*What to work on:* Search the records below for the word "feel". Copy each line where it occurs.

Collected data:
---
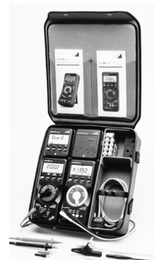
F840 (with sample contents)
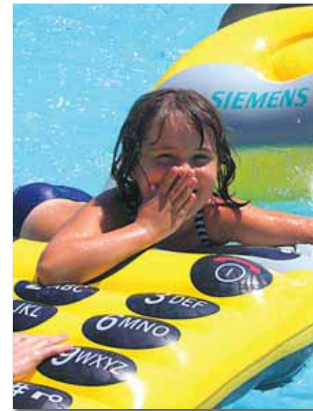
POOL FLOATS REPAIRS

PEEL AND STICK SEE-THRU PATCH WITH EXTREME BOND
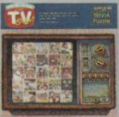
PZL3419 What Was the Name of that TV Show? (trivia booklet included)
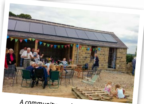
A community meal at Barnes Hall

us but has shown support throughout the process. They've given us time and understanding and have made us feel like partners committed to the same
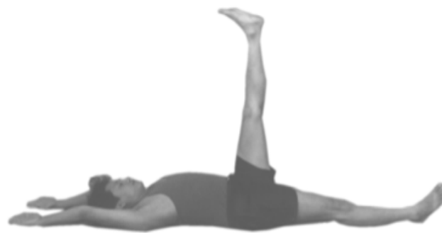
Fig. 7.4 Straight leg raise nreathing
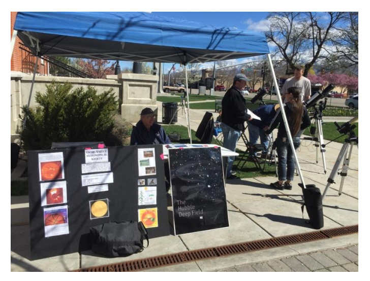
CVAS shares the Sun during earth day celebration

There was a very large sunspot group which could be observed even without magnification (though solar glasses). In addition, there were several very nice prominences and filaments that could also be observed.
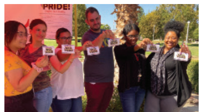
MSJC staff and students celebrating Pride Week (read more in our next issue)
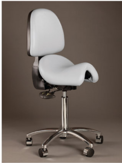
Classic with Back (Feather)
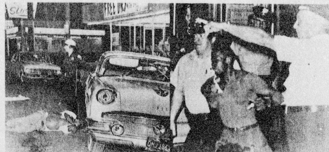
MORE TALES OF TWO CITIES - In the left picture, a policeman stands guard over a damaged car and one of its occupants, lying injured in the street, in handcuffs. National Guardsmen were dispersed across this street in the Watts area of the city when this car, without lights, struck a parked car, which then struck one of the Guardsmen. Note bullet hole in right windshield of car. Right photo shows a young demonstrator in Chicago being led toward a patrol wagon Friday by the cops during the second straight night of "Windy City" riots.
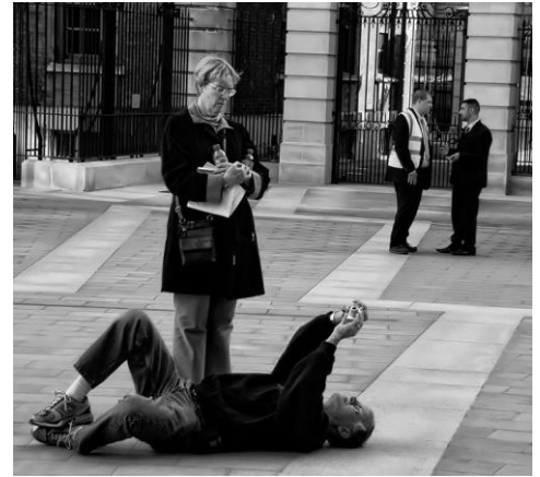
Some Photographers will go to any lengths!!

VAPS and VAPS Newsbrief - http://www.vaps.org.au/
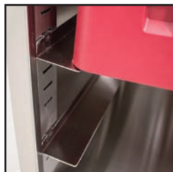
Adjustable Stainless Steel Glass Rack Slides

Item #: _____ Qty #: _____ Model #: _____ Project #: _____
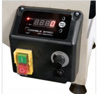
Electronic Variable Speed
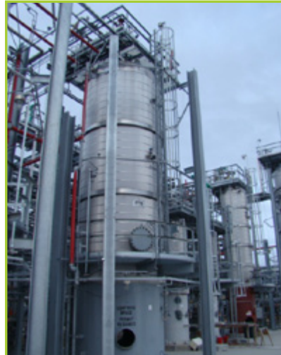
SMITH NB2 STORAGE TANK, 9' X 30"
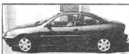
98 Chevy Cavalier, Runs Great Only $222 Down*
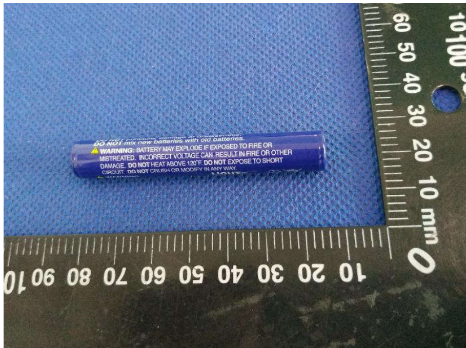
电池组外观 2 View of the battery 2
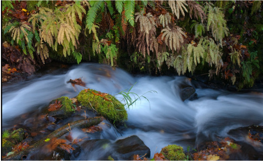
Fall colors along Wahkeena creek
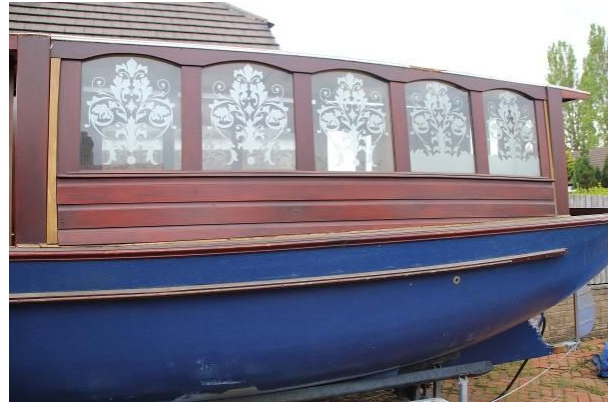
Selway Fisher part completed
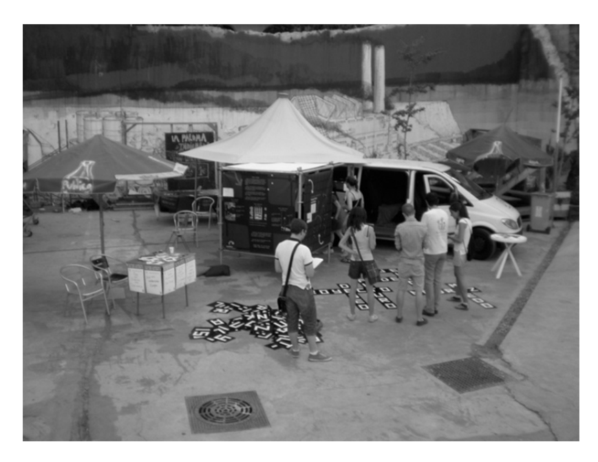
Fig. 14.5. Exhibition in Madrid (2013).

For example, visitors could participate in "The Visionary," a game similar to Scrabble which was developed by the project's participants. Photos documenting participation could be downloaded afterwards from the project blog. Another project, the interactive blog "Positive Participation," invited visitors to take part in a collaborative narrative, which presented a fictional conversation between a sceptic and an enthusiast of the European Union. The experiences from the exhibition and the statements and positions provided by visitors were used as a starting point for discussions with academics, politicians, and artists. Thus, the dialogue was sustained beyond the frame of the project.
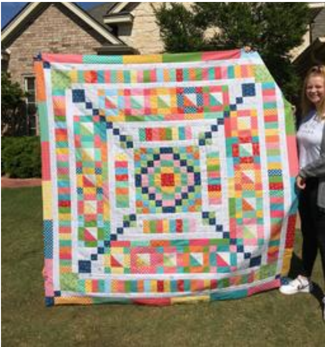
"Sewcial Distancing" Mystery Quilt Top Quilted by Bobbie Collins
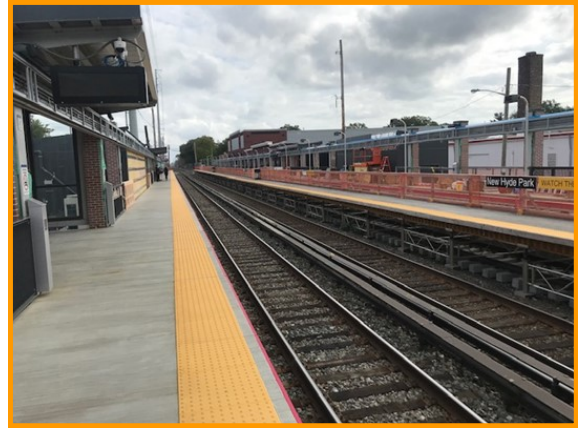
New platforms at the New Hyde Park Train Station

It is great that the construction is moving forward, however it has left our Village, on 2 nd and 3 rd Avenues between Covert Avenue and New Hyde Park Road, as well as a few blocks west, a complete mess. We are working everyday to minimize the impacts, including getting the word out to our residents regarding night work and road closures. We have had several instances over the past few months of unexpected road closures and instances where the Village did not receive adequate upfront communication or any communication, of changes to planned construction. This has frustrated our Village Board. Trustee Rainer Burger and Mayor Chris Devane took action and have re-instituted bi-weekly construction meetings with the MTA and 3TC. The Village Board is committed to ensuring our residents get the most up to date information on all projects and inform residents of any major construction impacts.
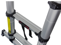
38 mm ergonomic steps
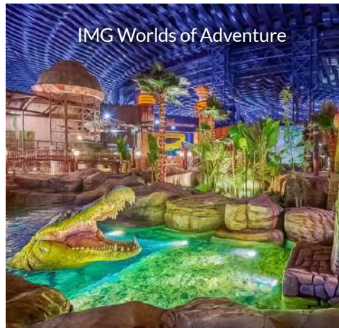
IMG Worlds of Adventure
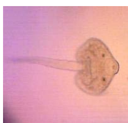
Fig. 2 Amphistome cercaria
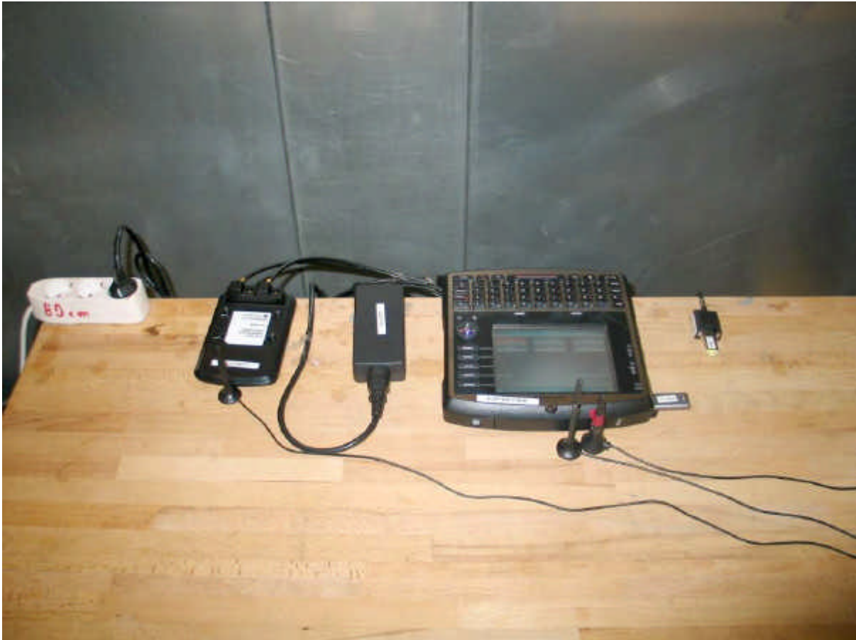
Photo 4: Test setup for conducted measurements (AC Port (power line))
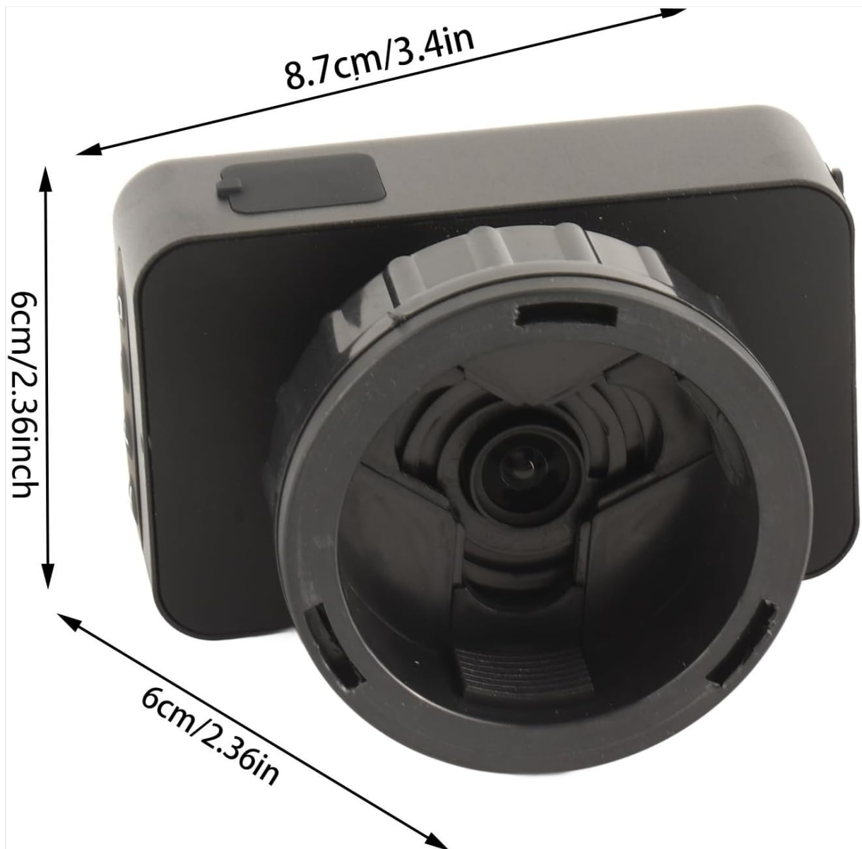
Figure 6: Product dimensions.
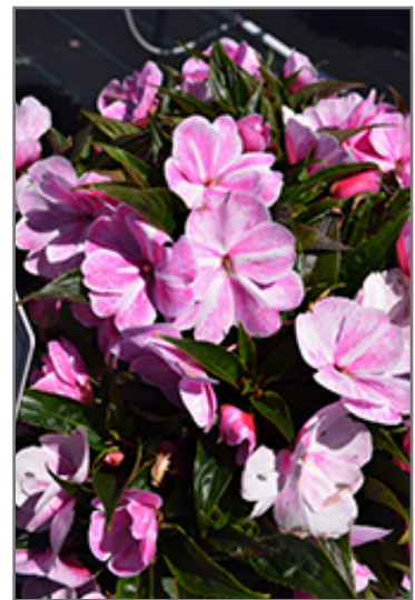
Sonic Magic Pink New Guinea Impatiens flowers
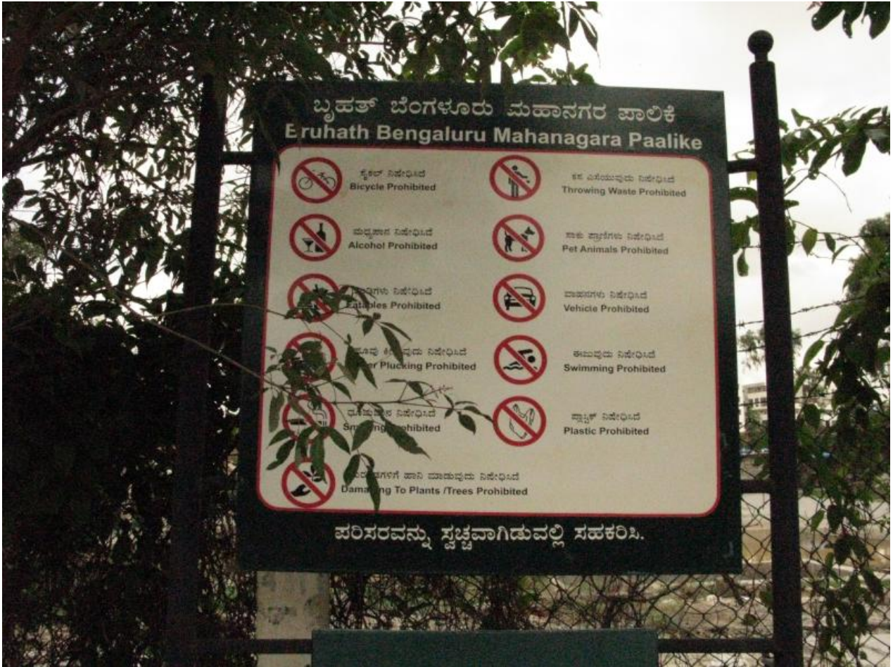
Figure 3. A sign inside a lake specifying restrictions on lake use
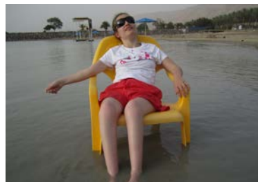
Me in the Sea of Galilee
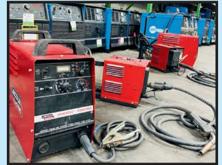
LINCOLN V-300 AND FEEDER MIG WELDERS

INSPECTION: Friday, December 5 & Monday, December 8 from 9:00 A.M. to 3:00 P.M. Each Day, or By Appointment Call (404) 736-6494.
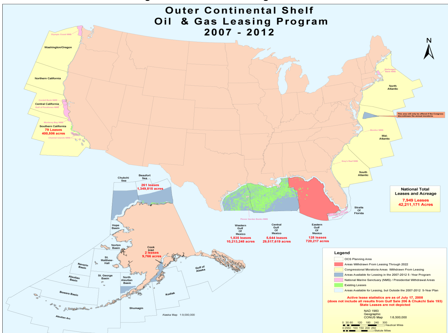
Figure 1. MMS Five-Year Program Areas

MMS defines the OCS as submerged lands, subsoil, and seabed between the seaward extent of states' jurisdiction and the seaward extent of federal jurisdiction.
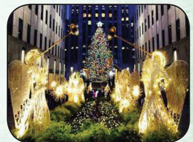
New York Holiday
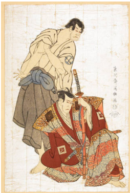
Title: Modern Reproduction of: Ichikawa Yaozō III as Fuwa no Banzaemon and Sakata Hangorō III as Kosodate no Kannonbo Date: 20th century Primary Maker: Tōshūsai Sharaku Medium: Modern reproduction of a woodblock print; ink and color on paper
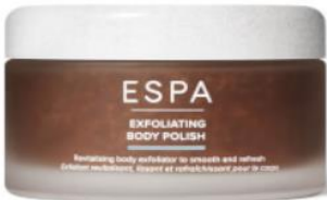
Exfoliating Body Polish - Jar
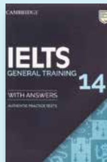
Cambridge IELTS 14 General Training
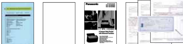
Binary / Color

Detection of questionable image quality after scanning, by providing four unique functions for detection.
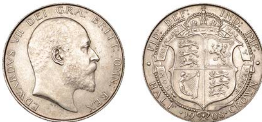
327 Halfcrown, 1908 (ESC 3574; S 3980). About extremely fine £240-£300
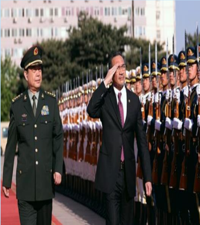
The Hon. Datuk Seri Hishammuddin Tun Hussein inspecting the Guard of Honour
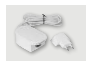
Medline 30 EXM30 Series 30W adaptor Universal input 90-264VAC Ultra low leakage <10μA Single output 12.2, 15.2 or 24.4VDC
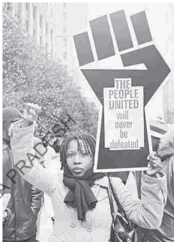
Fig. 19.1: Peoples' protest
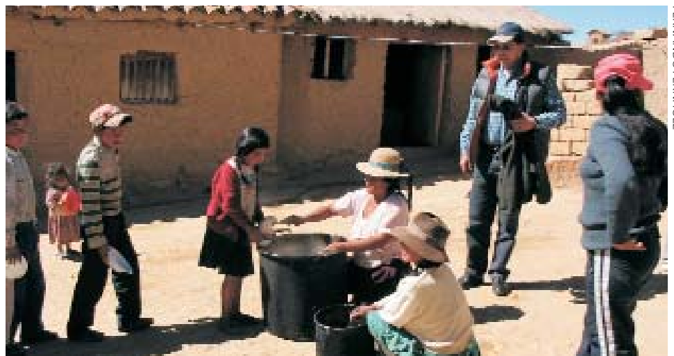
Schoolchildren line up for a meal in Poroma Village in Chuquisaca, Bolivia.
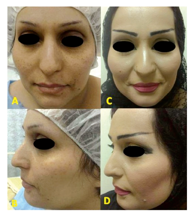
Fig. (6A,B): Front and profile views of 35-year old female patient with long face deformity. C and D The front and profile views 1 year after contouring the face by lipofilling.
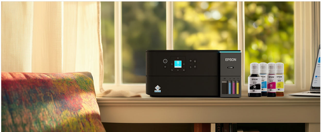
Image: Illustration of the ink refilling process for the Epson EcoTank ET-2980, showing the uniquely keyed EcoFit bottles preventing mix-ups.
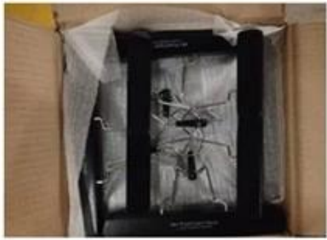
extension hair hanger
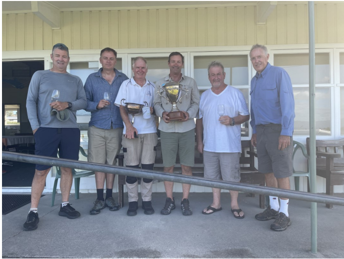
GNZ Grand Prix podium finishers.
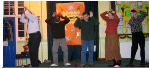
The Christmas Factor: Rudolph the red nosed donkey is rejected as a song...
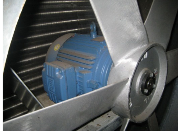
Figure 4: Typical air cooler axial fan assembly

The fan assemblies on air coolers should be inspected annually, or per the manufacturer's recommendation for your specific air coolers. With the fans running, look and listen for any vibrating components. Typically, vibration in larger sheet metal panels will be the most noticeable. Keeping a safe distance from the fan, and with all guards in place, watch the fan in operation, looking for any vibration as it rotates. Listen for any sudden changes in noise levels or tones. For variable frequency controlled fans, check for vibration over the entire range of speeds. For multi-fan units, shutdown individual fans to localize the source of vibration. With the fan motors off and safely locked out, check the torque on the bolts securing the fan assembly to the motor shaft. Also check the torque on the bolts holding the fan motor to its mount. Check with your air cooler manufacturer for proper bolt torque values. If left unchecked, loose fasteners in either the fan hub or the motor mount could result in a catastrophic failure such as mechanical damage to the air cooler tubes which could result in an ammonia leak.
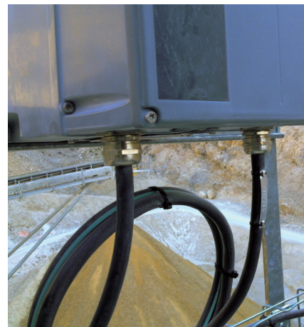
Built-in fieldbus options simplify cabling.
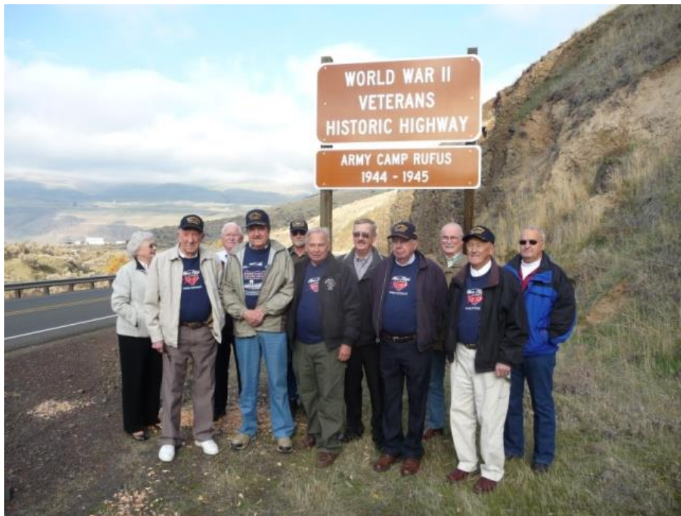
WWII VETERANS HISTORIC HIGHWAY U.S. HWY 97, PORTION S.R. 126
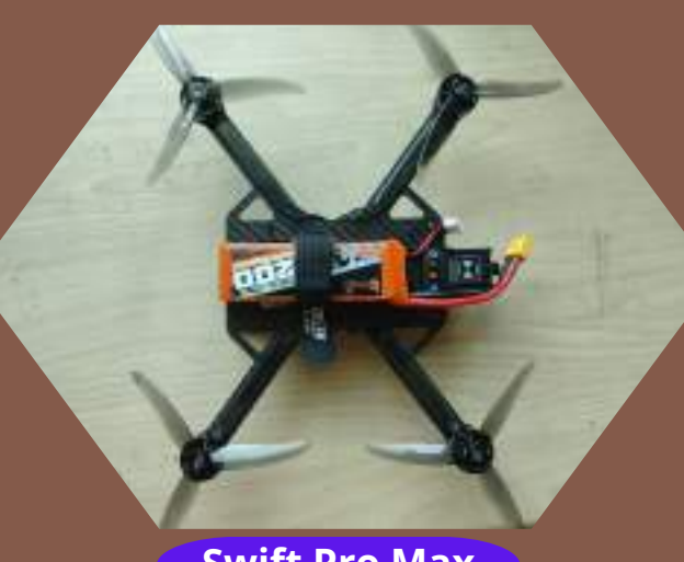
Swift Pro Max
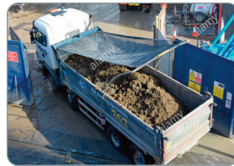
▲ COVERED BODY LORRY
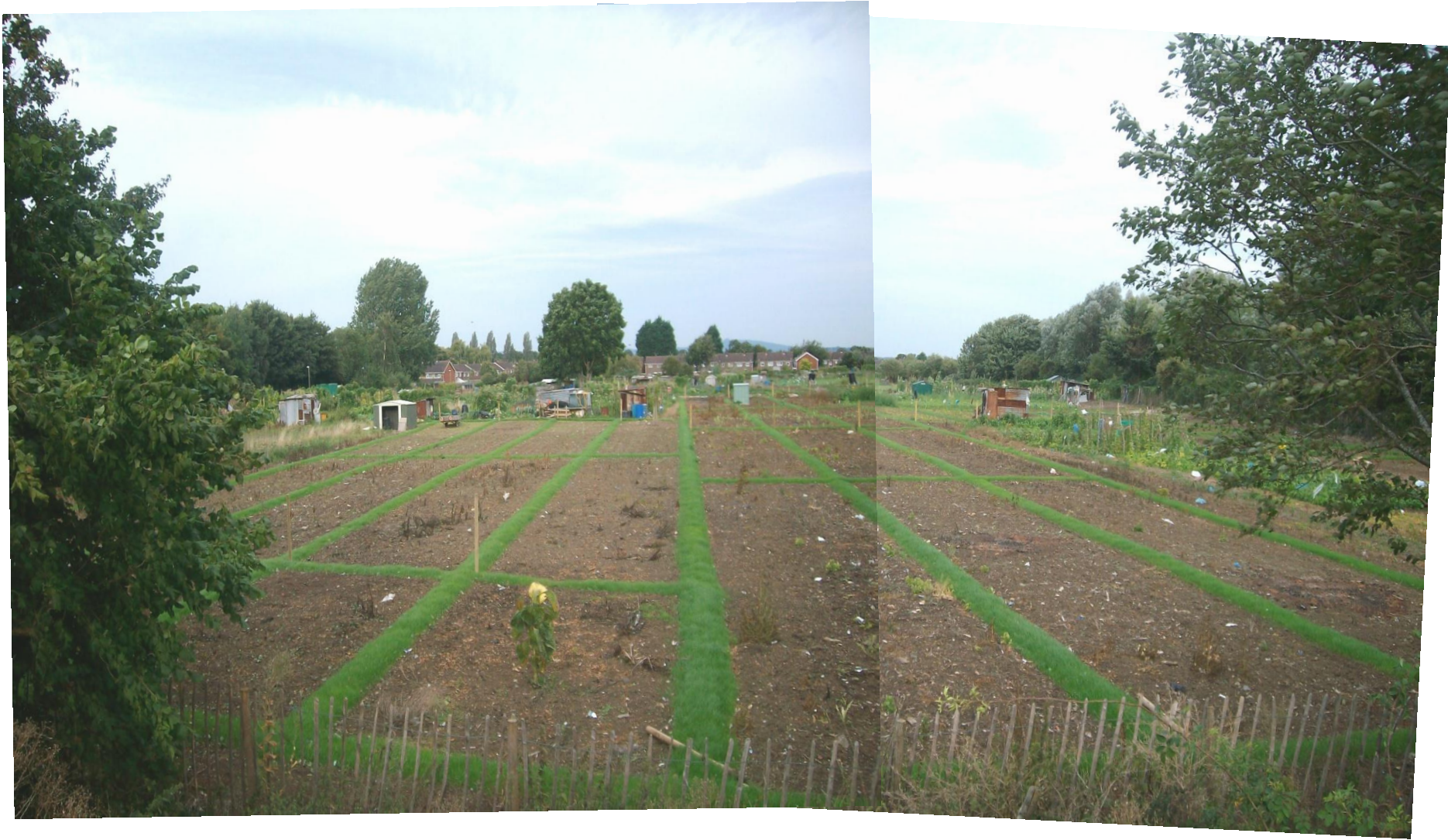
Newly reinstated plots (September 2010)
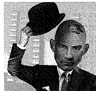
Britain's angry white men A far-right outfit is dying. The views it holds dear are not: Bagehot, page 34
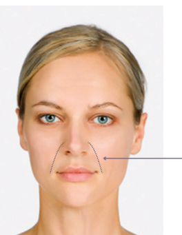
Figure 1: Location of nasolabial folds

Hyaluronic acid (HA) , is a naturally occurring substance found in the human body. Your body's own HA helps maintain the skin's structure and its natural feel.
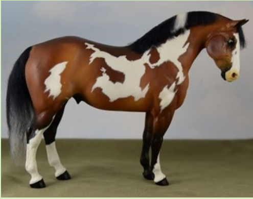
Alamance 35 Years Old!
---
*Answer for the task:*
us but has shown support throughout the process. They've given us time and understanding and have made us feel like partners committed to the same
Hyaluronic acid (HA) , is a naturally occurring substance found in the human body. Your body's own HA helps maintain the skin's structure and its natural feel.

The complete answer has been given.